The following Employment Tax guidance note by Tolley in association with Philip Rutherford provides comprehensive and up to date tax information covering:
This guidance note covers the treatment of vouchers, whether in the form of a cash voucher or non-cash voucher. In addition, many employers also offer employees credit-tokens to pay for expenses or credit cards to allow employees to meet expenses.
If an employer provides an employee with a cash voucher then the full value for which the voucher can be exchanged counts as earnings for tax purposes.
That amount should be included in the employee’s earnings and included in payroll at the time that the employee receives the voucher (even if the voucher cannot actually be used until a later date). Income tax and Class 1 NIC should be deducted from the full amount under PAYE.
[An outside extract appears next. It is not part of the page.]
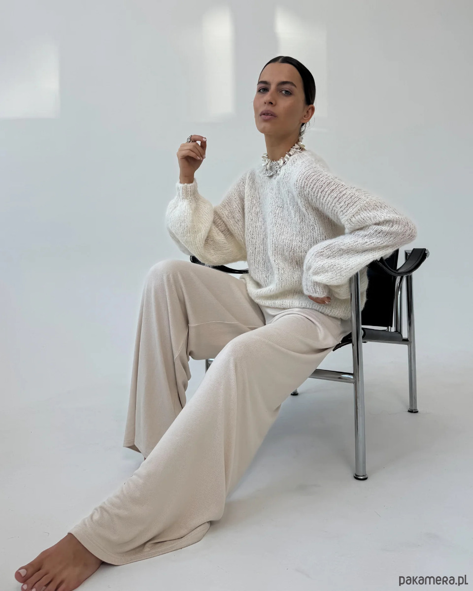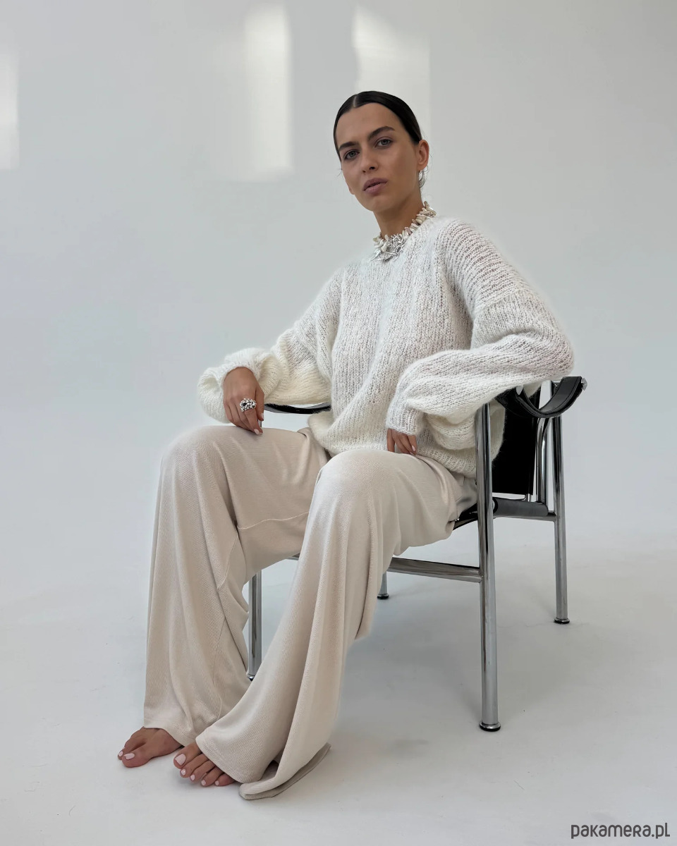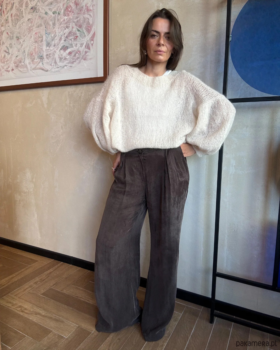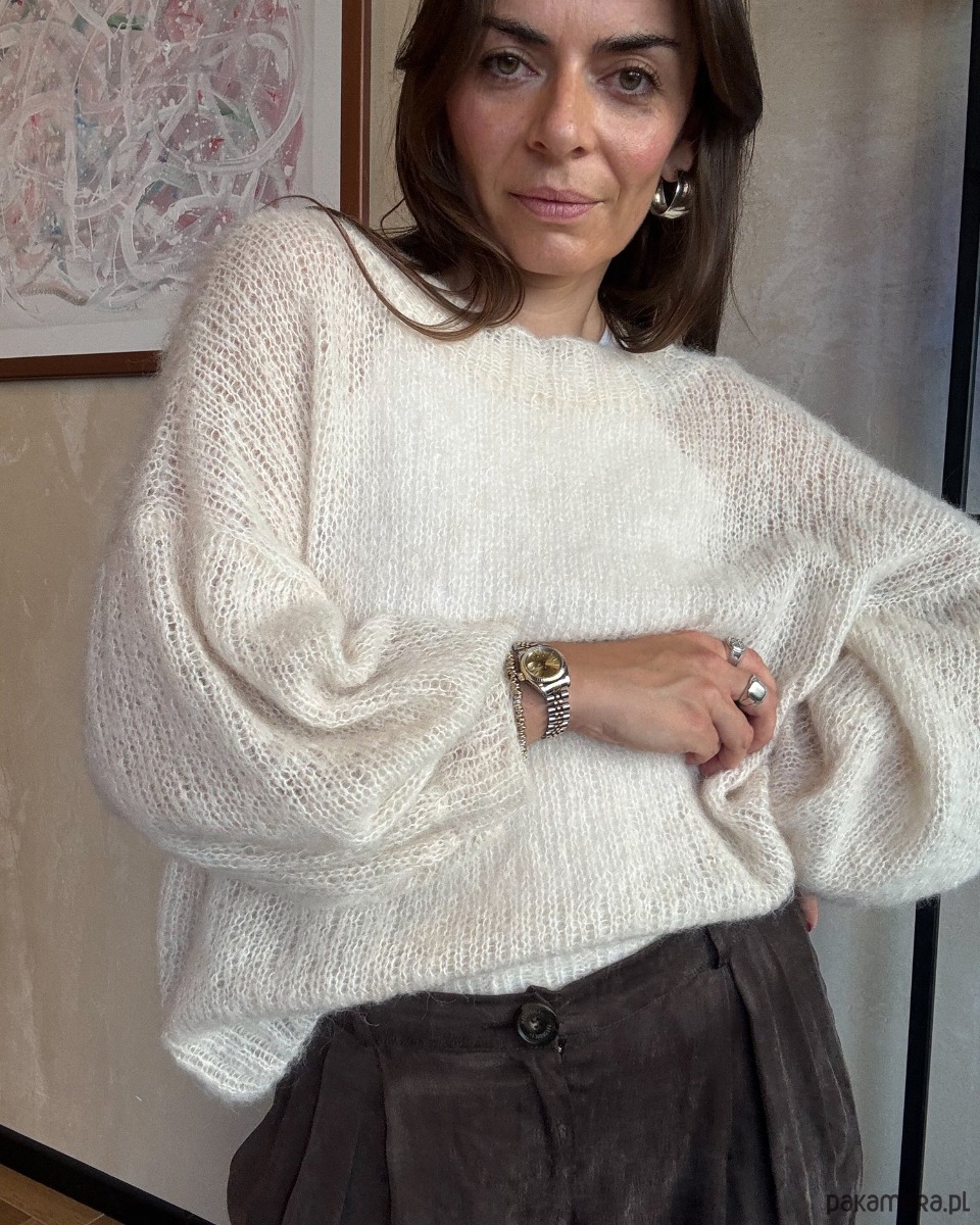 Sweter powstał z najlepszej jakości jedwabnej przędzy z dodatkiem alpaki, co sprawia, że jest przewiewny, lekki i ażurowy, a jednocześnie otula ciepłem w chłodniejsze dni. To luksusowa propozycja, która sprawdza się przez cały rok – wiosną i latem wygląda lekko i elegancko, a jesienią i zimą grzeje i dodaje stylizacji wyjątkowej głębi.

In order for a voucher to qualify as a cash voucher, it should fall within ITEPA 2003, s 75. A ‘cash voucher’ is defined as a voucher stamp or document capable of being exchanged for a sum of money that is not substantially less than the expenses incurred on it by the provider. A useful rule of thumb is that if a voucher can only be exchanged for a cash amount that is substantially less than its face value, it is likely to be a non-cash voucher rather than a cash voucher.
See Example 1.
What constitutes ‘substantially less’ is a subjective test. Therefore, care should be taken when deciding whether or not a voucher is a cash voucher.
Cash vouchers are covered by HMRC guidance at EIM16110.
If a non-cash voucher is provided to an employee or a family member by reason of his employment then, unless an exception is available, tax and NIC are chargeable and reporting consequences arise. The legislation is in ITEPA 2003, s 82 onwards.